Starting cabbage from seedlings purchased in the nursery isn’t the only way to grow fresh crisp cabbage in the home garden. Directly sowing the seeds of early cabbage in the garden produces mature heads in about 60 days. Long-season varieties may require 110 days or more. Preparing the soil and choosing a variety that matures within the frost-free days in your area allows you to grow cabbage from seed that produces firm plump heads before fall frost threatens.
Prepare a garden bed in an area that receives full sun for six to eight hours a day. Till to a depth of 8 to 10 inches.
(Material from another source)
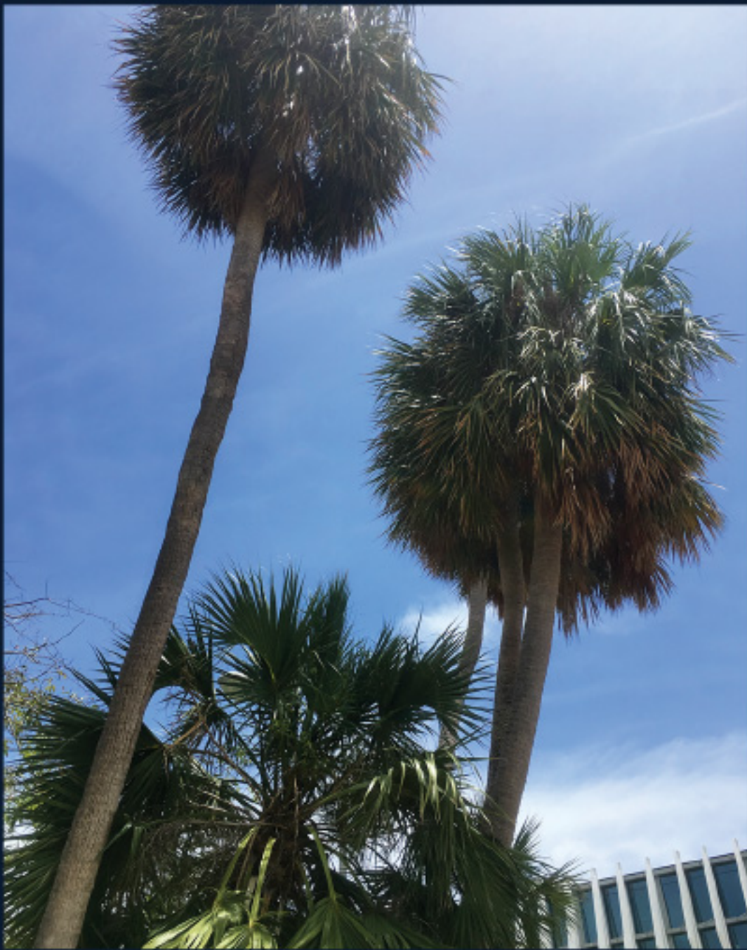
City Center: Botanical Garden

The photos below show recommended tree spots from 6 of the 12 parks where the birdhouse habitats can be installed.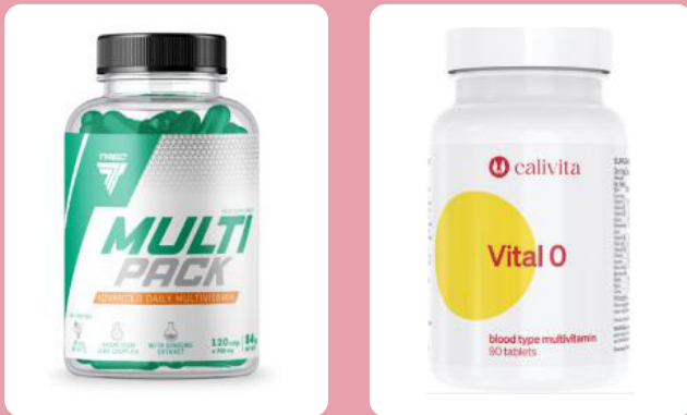
Scheme 6. On the left is a ribbed cap, and on the right is a smooth cap (JCCS)

In line with the principle of full service from a single supplier, we also produce JCCS caps. The JCCS38 and JCCS45 correspond to the 38/400 and 45/400 threads. Over 70% of the caps on the market are smooth, and these are the ones we offer. The thread is standard, screw-on. You may encounter medical, push-on threads, but these are much rarer, and companies are gradually moving away from this solution.

Remove rocks and other debris from the soil and rake smooth.
Test the soil to determine its pH level. Adjust the pH to 6.0 to 6.5. Follow the instructions included with the soil test kit for adjusting the pH.
Spread a 2- to 3-inch layer of compost or well-rotted manure over the soil. Work in well with the existing soil with a garden tiller or hand tools. This improves the texture of the soil, provides aeration and improves drainage.
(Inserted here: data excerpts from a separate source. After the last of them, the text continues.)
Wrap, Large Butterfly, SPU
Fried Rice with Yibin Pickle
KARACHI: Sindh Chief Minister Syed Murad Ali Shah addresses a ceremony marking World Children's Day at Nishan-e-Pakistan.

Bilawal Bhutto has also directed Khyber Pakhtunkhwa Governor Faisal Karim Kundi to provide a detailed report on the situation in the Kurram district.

Apply 5-10-10 fertilizer following the recommended application rate on the container. Mix in well with the existing soil to avoid damage to seeds.
Plant cabbage seeds in early spring in Northern climates so that plants have time to mature before hot weather appears. Plant in late summer or early fall in Southern gardens.
Sow cabbage seeds to a depth of 1/4 to 1/2 inch, spaced 6 to 8 inches apart. Cover with soil. Firm down with your hands or the blade of the hoe to settle the seeds and remove air pockets.
Water to moisten the soil to a depth of 2 inches. Keep soil evenly moist until seedlings emerge in four to seven days, depending on the soil temperature and weather conditions.
Thin to 12 inches apart when the seedlings are 4 inches high. Transplant the seedlings from thinning to a new area, if desired.
Water cabbage plants deeply once a week to saturate the soil to the root level. Even moisture is important to forming solid heads of cabbage.
Handpick weeds as soon as they emerge, or use a garden hoe to keep weeds under control. Cut weeds growing near the base of the plants with the blade of the hoe, as pulling them may disrupt roots or uproot the cabbage plants.